Tax: World Bank Wants Nigeria To Raise non-Oil Revenue

World Bank

 

The World Bank has urged Nigeria to lift its internally generated revenue by raising non-oil income from federal and state levels.

The global lender demanded that income from Value Added Tax (VAT), excises and customs, and states’ internally generated revenues be increased.

“To do that requires strengthening tax administration and increasing compliance rates, and reforms including rationalizing tax incentives and exemptions and selectively increasing rates such as excise on alcohol and tobacco,” it said.

The World Bank also plans to increase its funding to Nigeria by $4.5 billion over the next three years to support projects in the power and health industries and in governance, the lender’s vice president for Africa said.

“This is indicative — in the next 18 months or so, we expect to put in place projects for around $2.5 billion,” Hafez Ghanem said. “We are thinking about financing more investments in power and the area of social protection.” The Washington-based institution currently has 30 projects estimated at $10 billion in Nigeria.
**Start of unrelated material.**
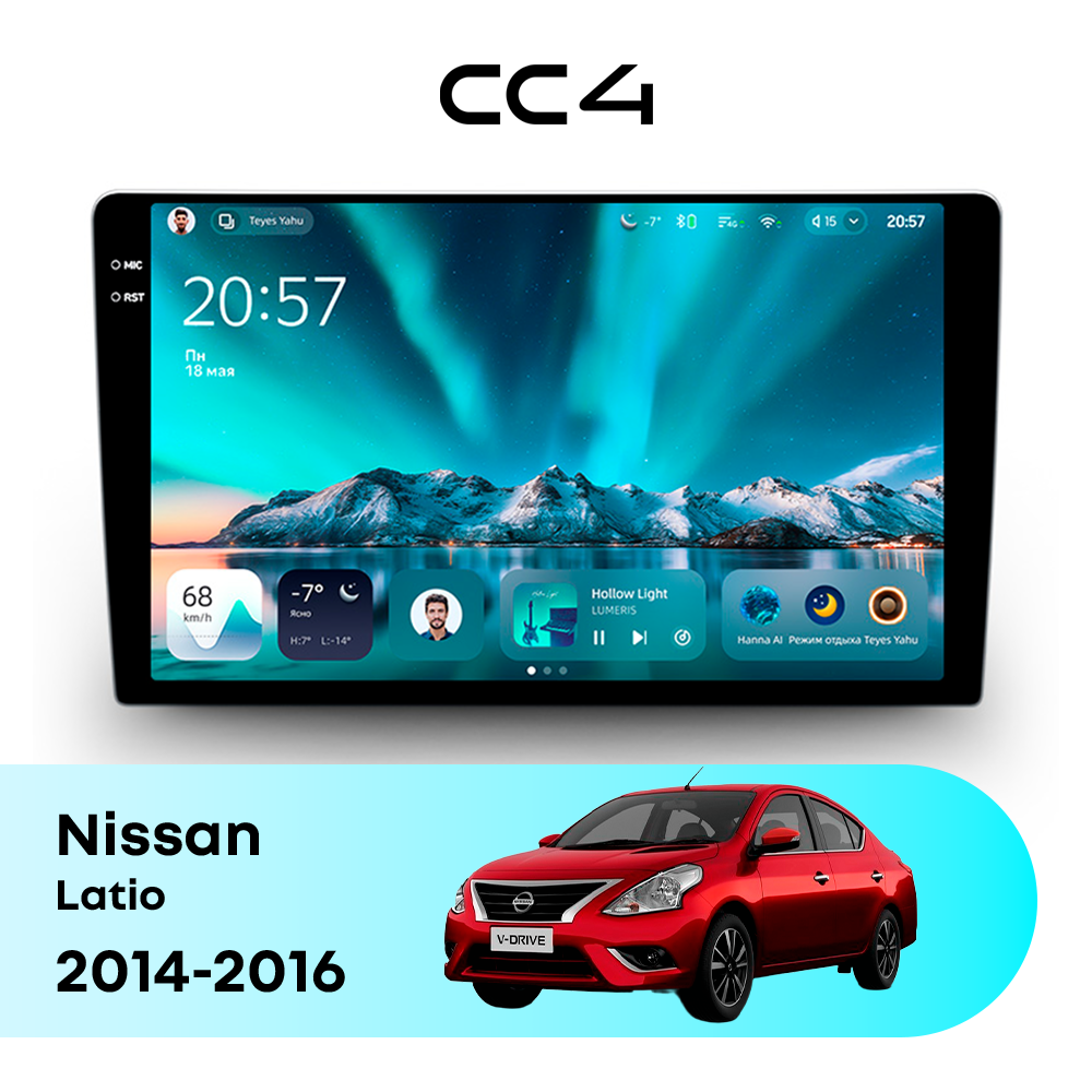 Teyes CC4 для Nissan Latio 2014-2016 — современная штатная магнитола на базе Teyes OS Android 14, которая устанавливается вместо заводского головного устройства и значительно расширяет мультимедийные возможности автомобиля.

President Muhammadu Buhari in June signed the country’s N9.1 trillion ($25 billion) budget for 2018, the biggest yet, to boost infrastructure investment in Africa’s top oil producer, and support economic recovery. The International Monetary Fund forecast Nigeria’s economy will expand 2.1 per cent this year after it contracted in 2016, when prices and output of crude declined. Budget documents forecast a deficit of 2 trillion naira, more than half of which will be plugged by borrowing.

The nation is scheduled to hold general elections in February, in which Buhari plans to seek another term. He’ll have to address revenue collection, power shortages and fuel subsidies, among other things.